Иными словами, в течение 1798 г. французские роялисты так и не смогли перехватить у республиканцев инициативу, их планы остались довольно расплывчатыми и ни во что не вылились. Этот год для судеб Французской республики оказался важен иным: к внутриполитическим проблемам Директории добавились внешнеполитические. Если в начале года лишь Англия продолжала из последних сил сопротивление Революции, то к концу года ситуация изменилась.
Египетский поход Бонапарта, начавшийся в мае 1798 г., привёл к тому, что Франции объявила войну Османская империя. Неготовность республиканцев пойти на всеобщий мир заставила Павла I отказаться от роли миротворца. Захват французами Мальты он воспринял как личное оскорбление. 23 декабря 1798 г. была подписана конвенция между Российской и Османской империями, позволявшая русским судам миновать проливы. В том же месяце сложился союз между Россией, Англией и королевством Обеих Сицилий, ставивший своей первой задачей освобождение от французов территорий итальянских государств. Австрия оставалась нейтральной, но после того как Франц II дал согласие на проход русских войск, в марте 1799 г. Франция объявила ей войну. К союзникам присоединилась и Швеция. Сложилась вторая антифранцузская коалиция. В отличие от первой, в ней не было Пруссии: хотя Англия и Россия предлагали ей субсидии и 40 000 российских солдат, чтобы она разорвала союз с Францией, они не достигли успеха{2207}. Но существовало и два других отличия: на сей раз все страны были очень настроены действовать сообща, и впервые за годы революционных войн российская армия под командованием А.В. Суворова пришла в Европу. По дороге к театру военных действий Суворов заехал в Митаву к Людовику XVIII, и оба остались довольны этой встречей{2208}.
Победа казалась тем более близка, что Директория не могла опереться на лучших полководцев: Бонапарт был в Египте, Гош скончался ещё в конце 1797 г., Моро побаивались и сомневались в его лояльности. Войска Директории быстро разгромили Неаполитанское королевство, но уже с мая 1799 г. восстания на Апеннинском полуострове при поддержке войск союзников заставили французов отступить из Италии. Эрцгерцог Карл во главе австрийских войск не давал им покоя в Швейцарии и на берегах Рейна.

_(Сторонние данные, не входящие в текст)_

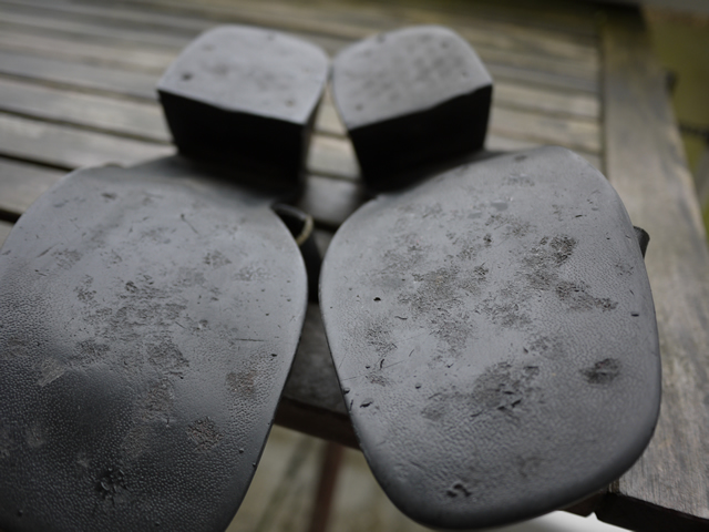 Das mache ich heute nicht mehr, da sich der Ursprungszustand des Trittchens visuell ändert. Ich finde es besser, wenn das fertige Tragebild möglichst lange erhalten bleibt. Das ist für mich persönlich nur dann interessant, wenn sie danach wieder authentisch im Alltag getragen werden. Die Spuren verschwinden dann wieder langsam, neue kommen hinzu.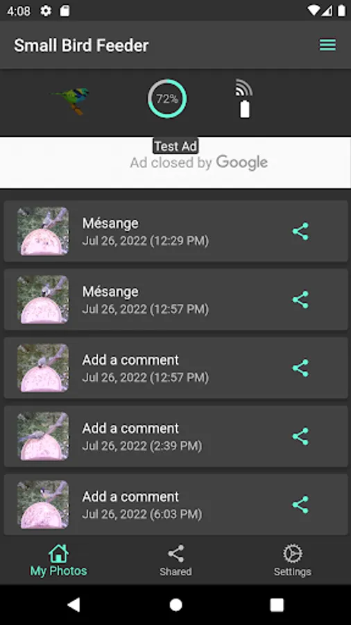 - Photos can be taken by the Application as well (no need of a bird feeder)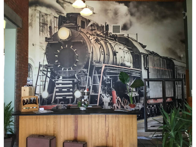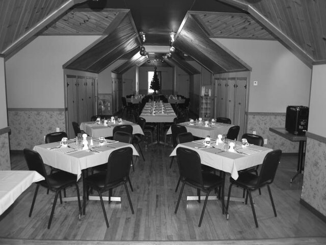 La gare de train du CN a été construite en 1910 et complètement rénovée avec les matériaux originaux en 1999. À l’étage principal on y retrouve des plafonds de 15 pieds avec de grosses poutres de bois et des lustres de vitrail faits à la main. Les tables, banquettes et étagères fabriquées avec le bois original trouvé dans le bâtiment et les murs de briques intérieurs donnent à la gare cette atmosphère invitante et chaleureuse. La salle de réception a été construite avec le plancher en bois franc et le plafond avec le bois original de la gare pour créer une ambiance magnifique. Pour les réservations téléphonez au 819 826-6655. Notre terrasse et la promenade sont construites avec les pavés originaux de 1910, entourées par une barrière en bois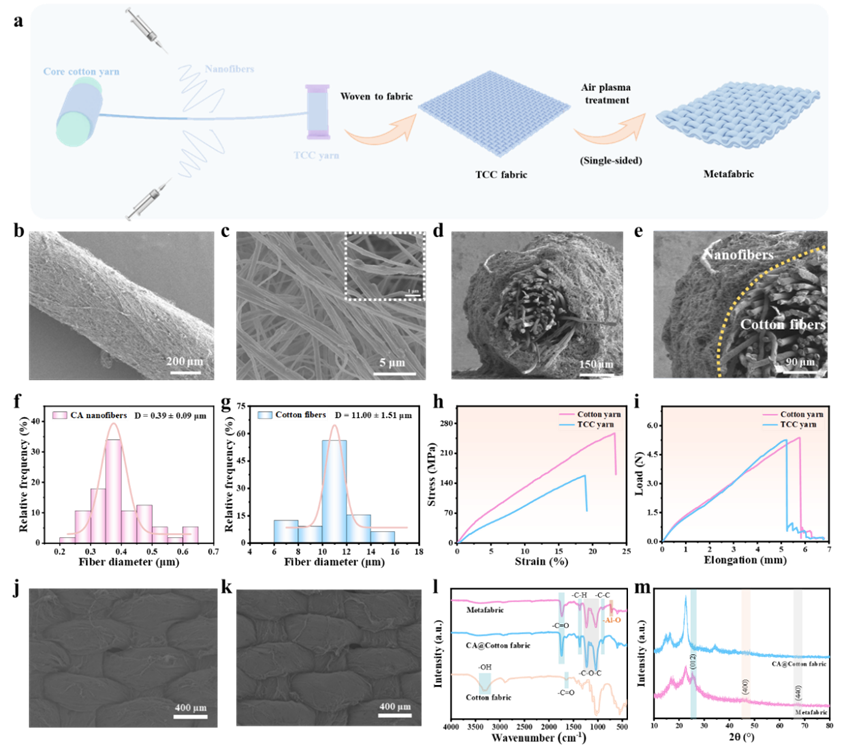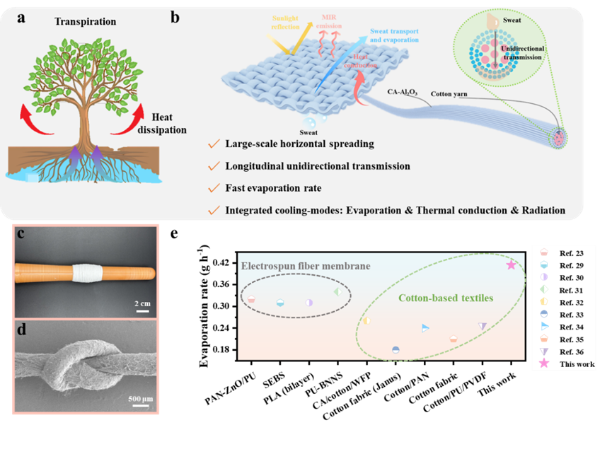 近期,东华大学覃小红教授团队在Advanced Fiber Materials上发表了题为“Core-shell yarn woven metafabric: Integrated autonomous sweat transport and radiative-perspirative cooling”的研究成果。该研究受植物蒸腾作用启发,采用醋酸纤维素(CA)@氧化铝(Al2O3)静电纺纳米纤维与棉纤维复合,制备出智能芯鞘纱(SCSY),并进一步织造成织物。通过单面等离子体处理,开发出一种具备单向汗液传输和冷却性能的超织物。该芯鞘纱线基超织物实现了汗液的定向传输,并通过蒸发、热传导及热辐射三种机制的协同作用,实现自主降温,为提升个人热湿管理纺织品的蒸发速率和冷却效率提供了新思路。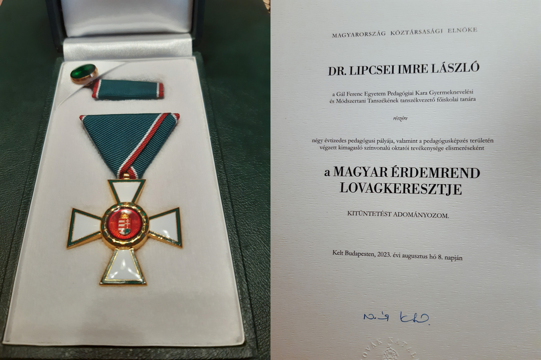 Az augusztus 20-i állami ünnep alkalmából dr. Lipcsei Imre László, a Gál Ferenc Egyetem Pedagógiai Kara Gyermeknevelési és Módszertani Tanszékének tanszékvezető főiskolai tanára részére négy évtizedes pedagógiai pályája, valamint a pedagógusképzés területén végzett kimagasló színvonalú oktatói tevékenysége elismeréseként a Magyar Érdemrend lovagkeresztje kitüntetést adományozta Novák Katalin köztársasági elnök.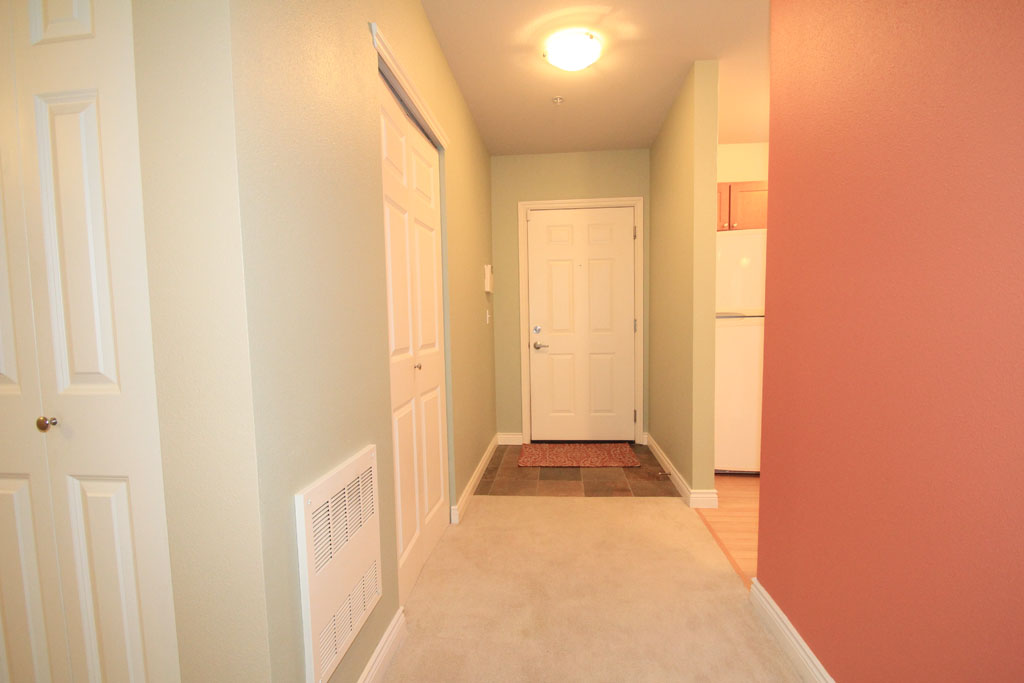 This top floor condo unit is sunny and bright, has a covered entry area and easy storage closet located to the right.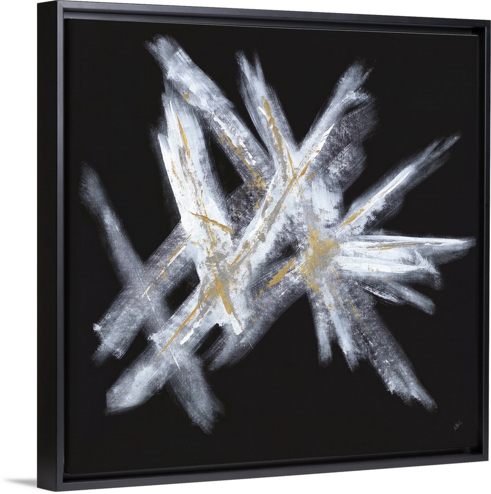 <p>Square abstract painting with a solid black background that has white crossing brushstrokes on top with small gold lines on top of those.</p>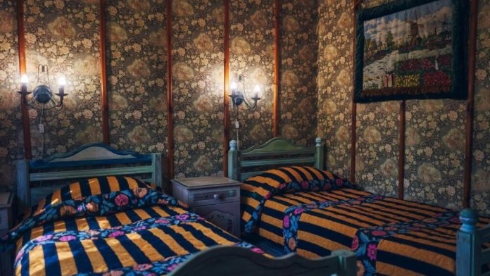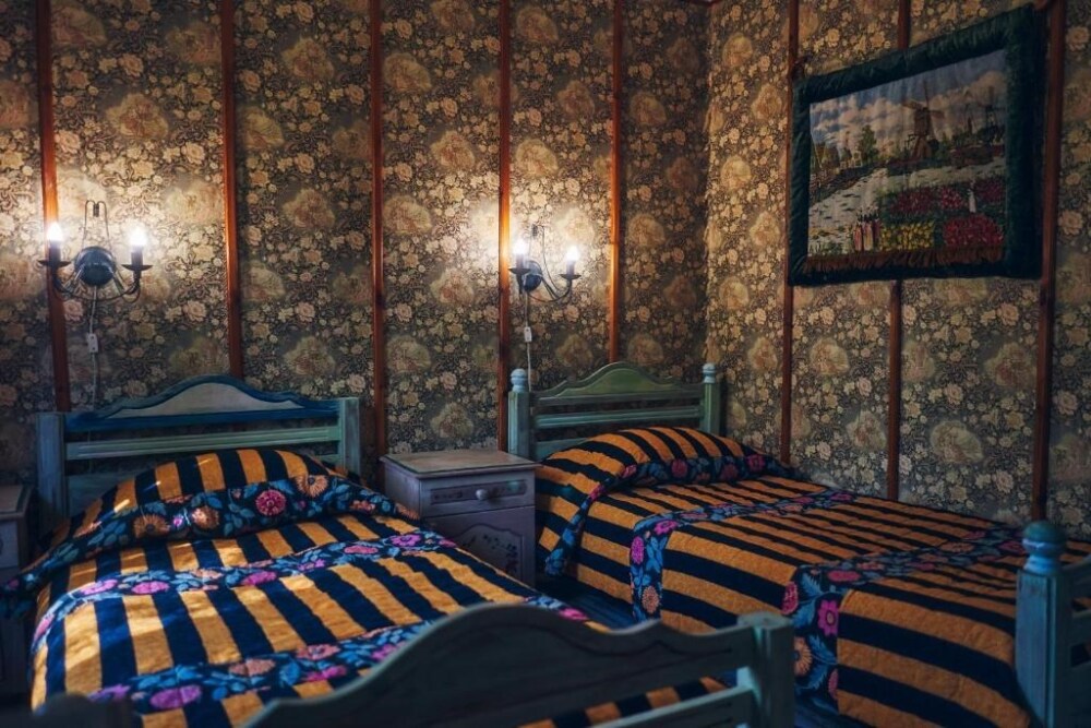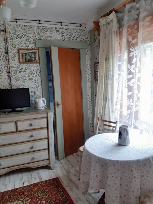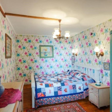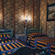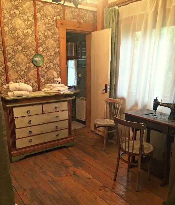 Однокомнатный номер с индивидуальным дизайном и мебелью ручной работы в деревянном доме в стиле времен А.П.Чехова. В номере - две раздельные кровати, две тумбочки, два стула, стол, комод, холодильник, телевизор, электрочайник, фен, тапочки. Ванная комната с душем и туалетом.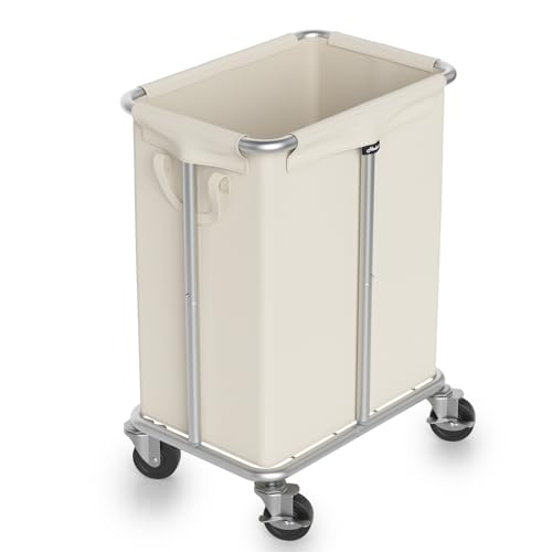 STORAGE MANIAC Commercial Laundry Hamper with Heavy Duty Steel Frame, 160 L Industrial Laundry Basket Cart with Wheels for Hotel, Home, Laundry Room, 17.72''L x 17.72''W x 30.91''H, Medium Beige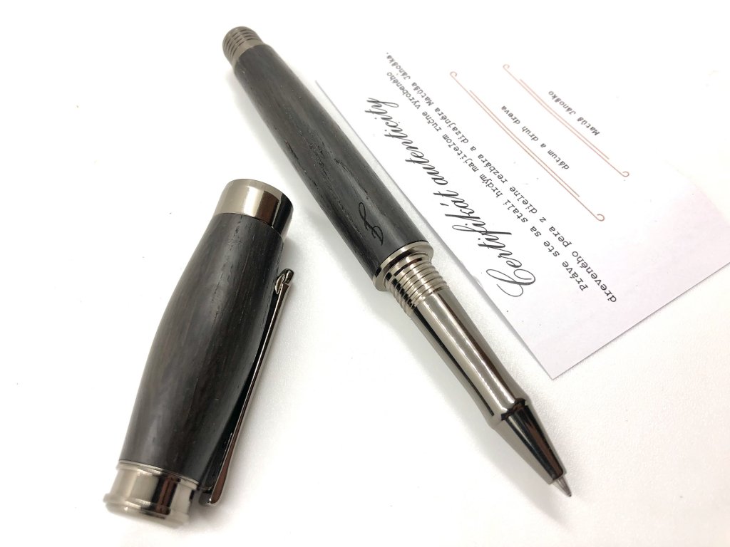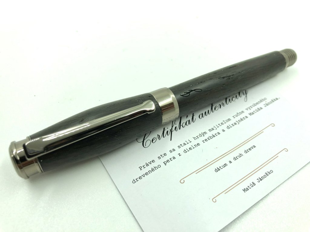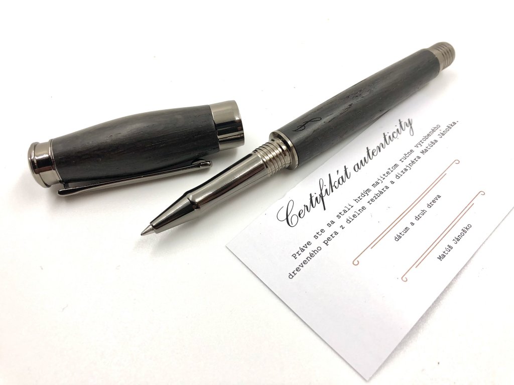 Guľôčkové pero s keramickou náplňou, oceľovým mechanizmom a dreveným telom.

Так, в 1799 г., в четвертый раз за революционное десятилетие, реставрация монархии стала казаться роялистам особенно близкой. Как некогда Франция устала от правления Национального Конвента, теперь она устала от Директории. Политическая и финансовая нестабильность, постоянные государственные перевороты, сменившиеся поражениями победы - даже республиканцы начинали всё чаще задумываться о последнем государственном перевороте, который положил бы всему этому конец. Роялисты же имели все основания надеяться, что режим рухнет, стоит его подтолкнуть. Как отмечал Мэнсел, «к 1799 г. [...] Франция стала ещё более роялистской [...] В ноябре 1799 г. даже в Бельгии, к которой до 1789 г. Бурбоны не имели никакого отношения, восставшие крестьяне кричали: “Да здравствует Людовик XVIII!”»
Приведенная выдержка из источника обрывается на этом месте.